Nearly transfer day

Well as you can see I haven’t updated in a while. But I’ve been super busy.

I ended up having nearly two weeks off work recovering from OHSS and have started back at university for the final semester of my masters degree.

I’d also applied for a promotion in a different faculty at the university ages ago – before my last round of IVF, and simply forgotten about it. Out of the blue a week ago I got a call to come in for an interview. I felt very conflicted about it. The job meant more money, was located on a campus closer to home and was ideally suited to me. It was a lot more similar to my old dream job than what I’m currently doing. Except obviously timing isn’t ideal. My workplace has been so supportive of my treatment, my boss and team have been great, and I wasn’t sure if I could add the stress of a new job to my already stressful life.

Nonetheless, I went along to the interview. Doug convinced me to still attend as interviews are always good experience. I wore an extremely loose fitting dress to cover my swollen belly but I was still in so much pain from OHSS I could barely walk up the staircase to the interview room.

Needless to say there were several moments during the interview when I was in so much pain I simply lost my train of thought and had to say “um…can you please repeat the question.” I also had to undertake a work test, and I really struggled with the Microsoft Access section of the test because my brain is still so foggy.

I rang Doug as I left and laughed at how stupid I must have looked. “That’s one job I certainly won’t get a call back for!”

But as it turns out I did get a call back. I was asked to come in for a second interview, which really surprised me. At the second interview a week later I was much more myself and my brain was less foggy. I felt I performed much better and as I left the building I realised I felt very nervous. It somehow had begun to matter to me if I got the job or not.

Meanwhile, preparations for my FET were continuing. After my period ended I started on progynova. Progynova is used mainly as part of hormone replacement therapy for menopausal women because it replaces the hormone oestradiol that the body no longer makes. But for FET cycles it’s used to build up the lining of the uterus to the point where it’s an inviting place for a little embryo to set up camp. I went back to see my doctor several times and he checked the lining of my uterus to make sure it was building up to the point where it could sustain a pregnancy.

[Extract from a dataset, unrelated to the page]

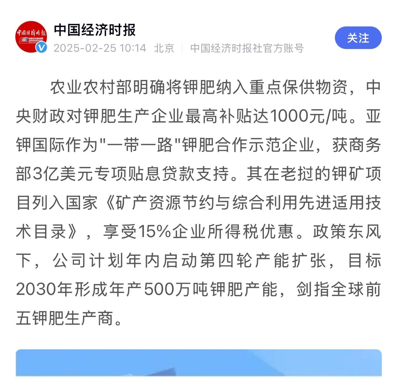 $东方集团(SH600811)$ 这个政策会加快大资金看上从而推进东方海钾投产进程!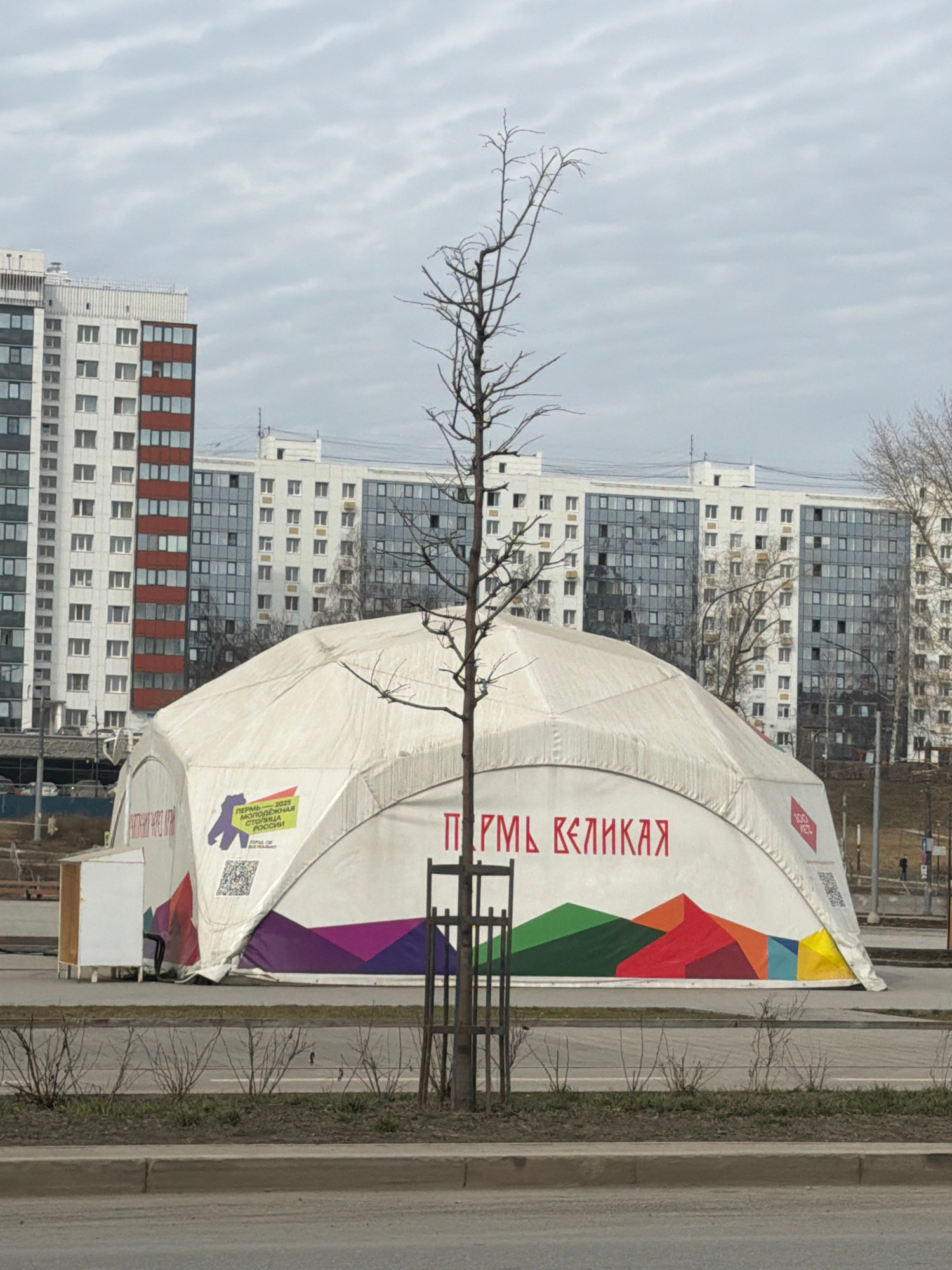 A slightly high-angle, outdoor shot captures a city street in Perm, Russia. A barren tree stands prominently in the foreground, its leafless branches reaching across the scene. Behind the tree is a la…read more

I also started on crinone suppositories. Crinone is super fun! If you’re a masochist.

Crinone is a progesterone gel. It’s favoured by most fertility specialists in Australia because it has the best results of any gel available. They prefer to use gel suppositories to progesterone injections because the injections are painful, can cause bad bruising of your butt and also build up lumps of oil at the injection sites, which often make it painful or uncomfortable to sit down. Depending on individual circumstances women are prescribed one or two crinone suppositories per day. They’re usually inserted in the cervix, but as a secondary option they can also be inserted in the backside (to put it nicely :|) if there is a reaction in the cervix.

A lot of women would be used to using a pessary or some sort of gel to treat thrush, which is also inserted in the cervix and then sort of slides out over the next few hours. Crinone isn’t like that. Crinone stays put. As you insert more and more, you get a massive disgusting heavy build up to the point where it’s hard to even insert the gel anymore because nothing else fits up there. Sometimes huge gooey lumps of crinone will fall out. It can be white, it can be grey, it can be pink, it can be peach. It is always disgusting. It horrified me, but my doctor encouraged me to not irritate my cervix by scraping it out with my fingers. So I had to just let it sit up there, itching me. It got to the point where putting my finger near the opening of my cervix to insert more gel made me gag. I would describe the inside of my cervix as feeling like a cold cauliflower covered in lumpy mayonnaise. You’re welcome!

The first time some of the crinone fell out of my cervix I was in the shower. It was a smelly grey lump about as big as a 50c coin. Doug was in the bathroom cleaning his teeth. I screamed and he came rushing over to me.


“OH MY GOD DARLING WHAT IS THAT?” Doug replied, matching my level of shrieking. “DO WE NEED TO TAKE YOU TO THE HOSPITAL?”

As nothing else fell out, I decided to wait until the next morning to visit the clinic. There, a  fertility nurse at the clinic calmed me down and explained it was normal and expected. Yeah, thanks for the heads up there guys! Super appreciated!

The best news of all is that you get to take crinone for a very long time. It’s not a short term deal like the IVF injections. If you get pregnant after your treatment, you have to take crinone for the entire first trimester. I shudder at the thought!

While all this FET and crazy grey goop stuff was going on, I got the phone call to say I’d been given the promotion! I was thrilled but also very nervous. How awful to start a new job possibly pregnant. I felt like I was letting my current team down by leaving them after they’d been so supportive, I also felt like I was letting down my new team by maybe abandoning them in 8 months time.

But I’ve also realised I can’t let the world stop spinning just because I’m going through IVF. I need to take opportunities when they arise, and live for myself, not just for my future children. So I start my new job next week.

But before then, I get my embryo transfer in two days. I’ll get to meet my little Nemo. So happy!

Seriously though……why does everything have to happen at once???